Well, it was the minor deal that had been discussed for days, and tonight the Cubs pulled the trigger. During those days of discussion, the question was: will the Cubs part with Tyler Colvin or DJ LeMahieu for Rockies third baseman Ian Stewart?
It turns out the answer was both.
The Cubs also pick up Casey Weathers, a right-handed minor league pitcher. Weathers, 26, was a first round pick back in 2007, but has never done anything to justify his selection. He’s always struck out a ton of guys, but he’a also always walked a ton of guys. At 26, he’s still not made it out of AA. Suffice it to say, he is a relatively unexciting inclusion. (UPDATE: He was the Rockies’ 14th best prospect before last season according to Baseball America, and he did have Tommy John surgery at one point, so his advanced age is a little more explainable. And, again: he does strike out a ton of batters, to the tune of 11.3 per 9 over his minor league career.)
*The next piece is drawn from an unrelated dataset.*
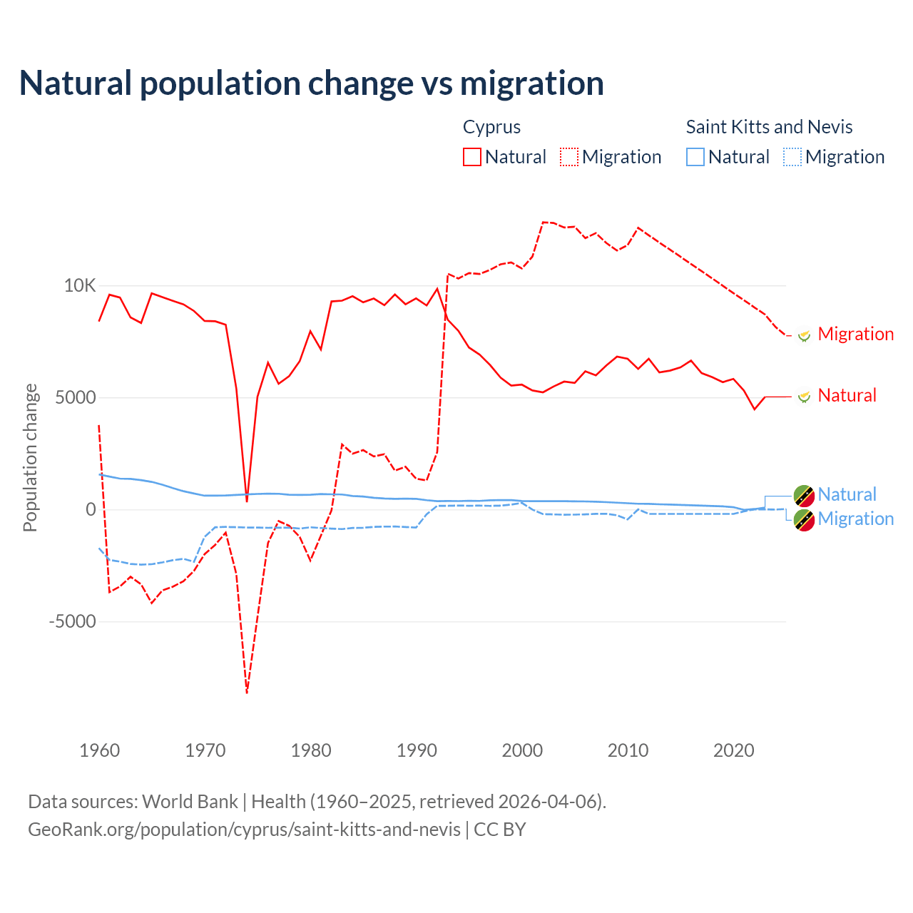 Over the last 10 years, 36.2% of the population change in Cyprus is from natural causes (a gain of 57,464 people) and 63.8% is from migration (a gain of 101,458 people). In Saint Kitts and Nevis 44.9% is from natural causes (a gain of 1,225 people) and 55.1% is from migration (a loss of 1,506 people).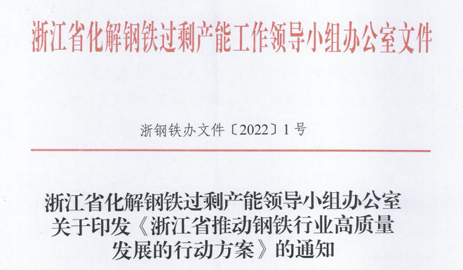《浙江省推動鋼鐵行業(yè)高質(zhì)量發(fā)展的行動方案》

Which means the Cubs gave up not only Tyler Colvin for Stewart (a swap which would have been acceptable, but unenticing due to Colvin’s cheap contract (relative to Stewart’s)), but also a very useful young player in DJ LeMahieu. When rumors swirled that the Rockies wanted LeMahieu, alone, for Stewart, I thought it was too much to give up for a guy the Rockies were looking to dump. It was reported that the Cubs said no to the LeMahieu for Stewart proposal, and I smiled.
So you can only imagine what I’m thinking now that the Cubs have given up both Colvin and LeMahieu for Stewart.
I’m not too happy about it.
Let’s be clear: neither Colvin nor LeMahieu figured prominently into the Cubs’ immediate future. Colvin showed absolutely nothing last year to demonstrate that his 2010 season wasn’t a mirage. And LeMahieu, 23, had the glove for third, but not the bat, and had the bat for second, but not the glove.
I understand moving them.
But they had value. LeMahieu, in particular, was always a kid just outside the Cubs’ top 10 prospects, and many scouts love his bat. He may not develop power, but becoming a .300/.360/.420 hitter at the big league level was not out of the question. If he blossoms in Colorado, I may be despondent. (Ok, that was dramatic.)
As for who the Cubs pick up, in addition to Weathers, I’m just not that excited about Stewart. Obviously the men in charge see the upside – Stewart is still just 26, destroyed the minors when he was young at every level, and had a decent season and a half two years ago – and I’m not going to question the scouting side of this thing. In isolation, trading LeMahieu and Colvin for Stewart and Weathers is understandable.
What I question is whether Stewart should be handed the Cubs’ starting third base job in 2012, to the exclusion of other possible candidates. Based on what the Cubs gave up to get him, it seems like he will. He’s coming off a lost year in 2011 and a wrist injury, and many scouts – Kevin Goldstein, among them – simply don’t believe he’s a big league regular. And, he’s scheduled to make some $2.5 million in 2012 (with two more arbitration years thereafter). He was at risk for being non-tendered on Monday, but apparently the Cubs felt they couldn’t risk another team swooping in and taking him.
I’m going to have to let this news sink in over the next few days, and hear from the men upstairs, before fully making up my mind. Maybe Stewart won’t be the starter. Maybe this is a precursor to other moves. Maybe saving money at third base was desperately necessary for other really exciting, super awesome moves.